Improving Reading Ability

There are some aspects that must be mastered by the English students in improving their ability in reading. These aspects will help the students in understanding texts or even passages. While studying Reading 1, Reading 2, and Reading 3, the students are actually trained to master some important aspects of text. For instance, topic, main idea, heads, etc.

 

Clues to Finding the Main Idea in Textbooks and Articles

1.  Titles, heads, and subheads. These announce major subjects and ideas in boldface type.

2.  Purpose sentence. Look for a sentence in the first paragraphs of a book, chapter, or article that states what the rest of the text will be about.

3.  Pre-outline. Look for sentences listing the ideas that will be developed in the coming paragraphs.

4.  Topic Sentence. Recognize the sentences in paragraphs and sections of material that state the subject and focus of the rest of the discussion.

5.  Italics. Sometimes main ideas appear in italics as well as boldface type to make them stand out from the rest of the text.

6.  Repetition. Repetition of a key word or idea throughout a text is a signal that it is a major topic in the discussion.

7.  Questions. Questions invite readers to look for answers, and the answer is often one of the major ideas being developed.

8.  Numbering. Ideas that are numbered are important. Either write them or make them into a mental list and put a label or title at the top.

9.  Visuals. Pictures, graphs, diagrams, figures, and other materials are often used to highlight and emphasize main ideas. Study them carefully.

10.  Details. The use of examples, statistics, and other details always signals a main idea is being clarified, proved, or developed. Look back or ahead and discover the idea.

11.  Organizational Patterns. The major parts of the pattern, such as the topics, the divisions in time, the two objects being compared, the cause and the effect, or the problem and the solution are the main ideas. Recognize the pattern and look for the ideas.

12.  Summary. Summaries restate the main ideas in brief form.

Reference:

Adapted from College Reading and Study Skills, Nancy V. Wood, 1996

Next: Paragraph Pattern

Organizational Patterns of Paragraphs

The basic unit of thought

Perhaps one of the best ways to improve your reading ability is to learn to read paragraphs effectively. Many experts believe the paragraph, not the sentence, is the basic unit of thought of a selection. If one can quickly grasp the meaning of each of these though units while reading, then comprehension will be heightened.

It is important to identify with the author’s perspective by discovering the way the message is being sent. Every writer has a purpose for writing and some plan of action for getting a message across. This plan of action is the order in which the material will be presented in the text. This order, often called a pattern of organization, should be present in acceptable writing from the smallest to the largest unit of writing: the paragraph, groups of paragraphs, subchapters, chapters, groups of chapters, whole books, and even series of books. Each of these, then, contains a certain pattern of organization.

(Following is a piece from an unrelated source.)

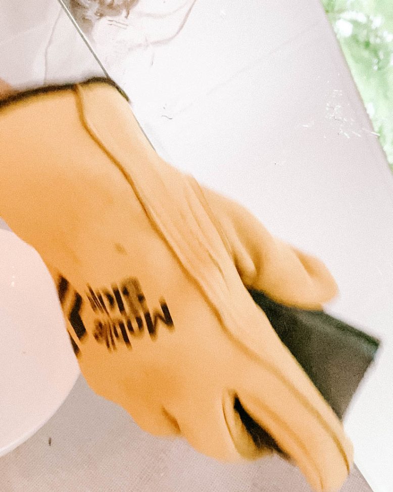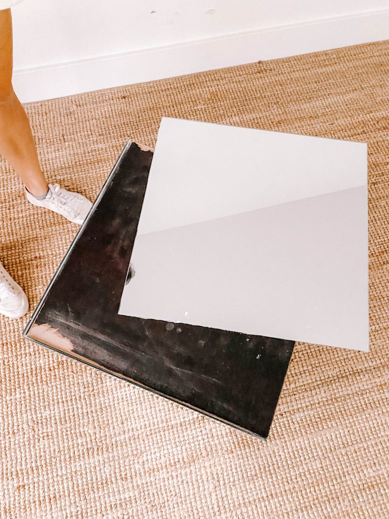 Next ups it's time to cut that mirror! I then measured and marked where I needed to cut my mirror, with 4 pieces being exactly the same size, and the top was a square shape.
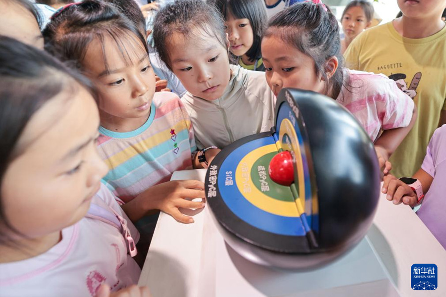 7月25日,孩子們在山東榮成華能石島灣核電科技館參觀。(新華社發 李信君/攝)

Anticipating the order in which the material will be presented helps you put the facts into perspective and to see how the parts fit into the whole. For example, if the selection begins by indicating that there are four important components of management, you are alert to look for four key phrases to mark and remember. Likewise, if a comparison is suggested, you want to note the points that are similar in nature. For material that shows cause and effect, you need to anticipate the linkage and note the relationship.

The importance of these patterns is that they signal how the facts will be presented. They are blueprints for you to use.

In textbook reading the number of details can be overwhelming. The mind responds to logical patterns; relating the small parts to the whole simplifies complexities of the material and makes remembering easier.

Although key signal words help in identifying the particular type of pattern, a single paragraph can be a mixture of different patterns. Your aim is to anticipate the overall pattern and then place the facts into a broad perspective.
The following six examples are the patterns of organization that are most frequently found in textbooks.

 

Simple Listing

Items are randomly listed in a series of supporting facts or details. These supporting elements are of equal value, and the order in which they are presented is of no importance. Changing the order of the items does not change the meaning of the paragraph.

Signal words often used for simple listing are:

·     in addition

·     several

·     also

·     for example

·     another

·     a number of

 

Description

Description is like listing; the characters that make up a description are no more than a simple listing of details.

 

Definition

Frequently in textbook reading an entire paragraph is devoted to defining a complex term or idea. The concept is initially defined and then further expanded with examples and restatements.

Signal words used for definition are:

·     is defined as

·     is called

·     means

·     refers to

·     is described as

·     term or concept

 

Chronological (Time) Order or Sequence

Items are listed in the order in which they occurred or in a specifically planned order in which they must develop. In this case, the order is important and changing it would change the meaning.

Signal words often used for chronological order or sequence are:

·     first, second, third

·     until etc.

·     al last

·     before, after

·     next

·     when

·     later

 

Comparison – Contrast

Items are related by the comparisons (similarities) that are made or by the contrasts (differences) that are presented. The author’s purpose is to show similarities and differences.

Signal words often used for comparison-contrast are:

·     similar, different

·     bigger than, smaller

·     on the other hand

·     than

·     but

·     in the same way

·     however

·     parallels

 

Cause and Effect

In this pattern, one item is showed as having produced another element. An event (effect) is said to have happened because of some situation or circumstance (cause). The cause (the action) stimulates the event, or effect (the outcome).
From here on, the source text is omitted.